Source data Start Marker
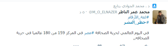 وغرد محمد عمر: “في اليوم العالم لحرية الصحافة مصر في المركز 159 من 180 عالميا في حرية الصحافة”.
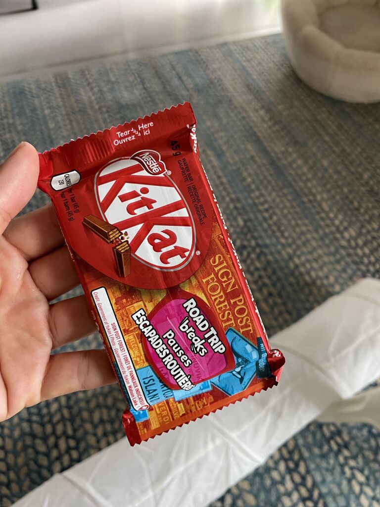 夫がカナダからの飛行機でもらったらしいキットカットを半分こ。
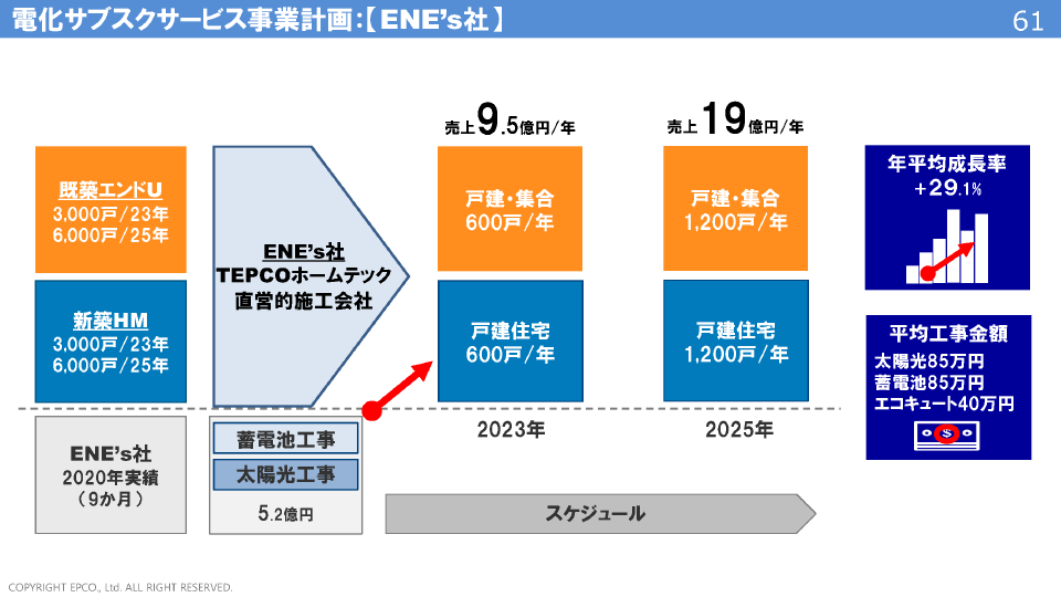 ENE’s社の2020年の9か月間の売上高は5.2億円でしたが、2025年にはTEPCOホームテック受注分の20%の工事受託を計画しており、売上高は19億円の達成を目指してまいります。
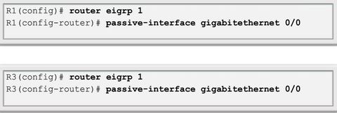 | Passive Interface There are two primary reasons for enabling the passive-interface command: 1. To suppress unnecessary update traffic, such as when an interface is a LAN interface, with no other routers connected 2. To increase security controls, such as preventing unknown rogue routing devices from receiving EIGRP updates * Router(config)# router eigrp (as-number) * Router(config-router)# passive-interface (interface-type) (interface-number) Note: To configure all interfaces as passive, use the "passive-interface default" command. To disable an interface as passive, use the "no passive-interface interface-type interface-number" command. | |
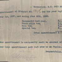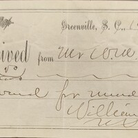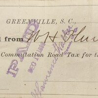 Greenville News Receipt for $1.50 from Mr. W.M. Plumley for ad and reward for murder of his son
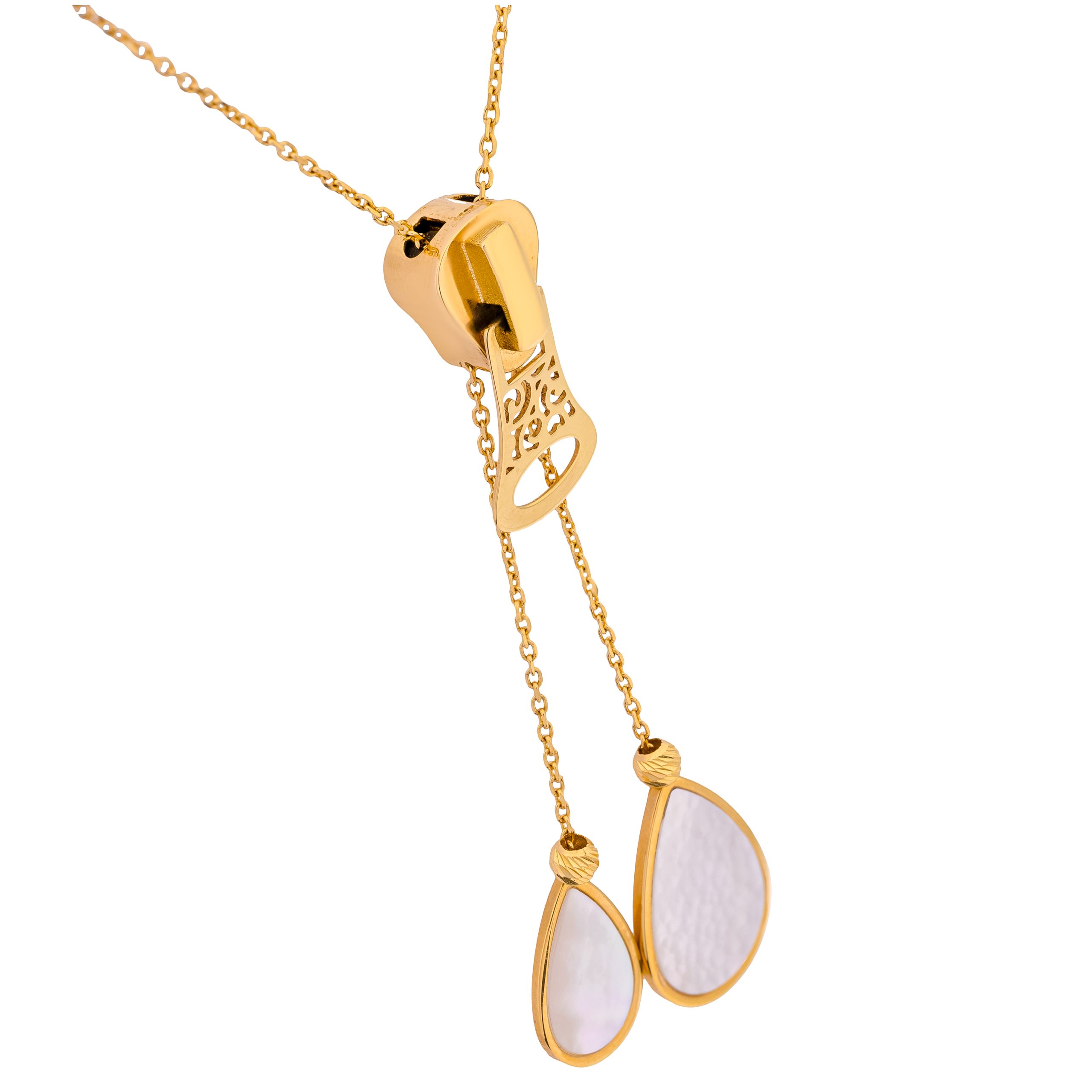 Suspended from delicate gold chains, two teardrop-shaped pendants shimmer with luminous mother of pearl, catching light with every movement. The contrast between the polished gold and the soft, iridescent tones creates a look that is both refined and fresh.
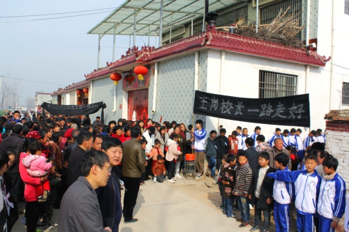 “教育師魂鑄就止步盛年悲矣,杏壇大愛揮灑平民風(fēng)范偉哉!”3月24日上午,鄲城縣東風(fēng)鄉(xiāng)鄭莊行政村大王莊一個普通的農(nóng)家院內(nèi)外,挽幛輕垂,哀樂低回。數(shù)千名師生、群眾自發(fā)前來送別年僅37歲的該村小學(xué)校長王崗。
Source data End Marker
> _Problem description_
Taking the entries above, extract every line from the one bearing "夫がカナダからの飛行機でもらったらしいキットカットを半分こ。" through the one bearing "Greenville News Receipt", exactly, with no pictures.

> _Solution_
 夫がカナダからの飛行機でもらったらしいキットカットを半分こ。
 ENE’s社の2020年の9か月間の売上高は5.2億円でしたが、2025年にはTEPCOホームテック受注分の20%の工事受託を計画しており、売上高は19億円の達成を目指してまいります。
 | Passive Interface There are two primary reasons for enabling the passive-interface command: 1. To suppress unnecessary update traffic, such as when an interface is a LAN interface, with no other routers connected 2. To increase security controls, such as preventing unknown rogue routing devices from receiving EIGRP updates * Router(config)# router eigrp (as-number) * Router(config-router)# passive-interface (interface-type) (interface-number) Note: To configure all interfaces as passive, use the "passive-interface default" command. To disable an interface as passive, use the "no passive-interface interface-type interface-number" command. | |
 Greenville News Receipt for $1.50 from Mr. W.M. Plumley for ad and reward for murder of his son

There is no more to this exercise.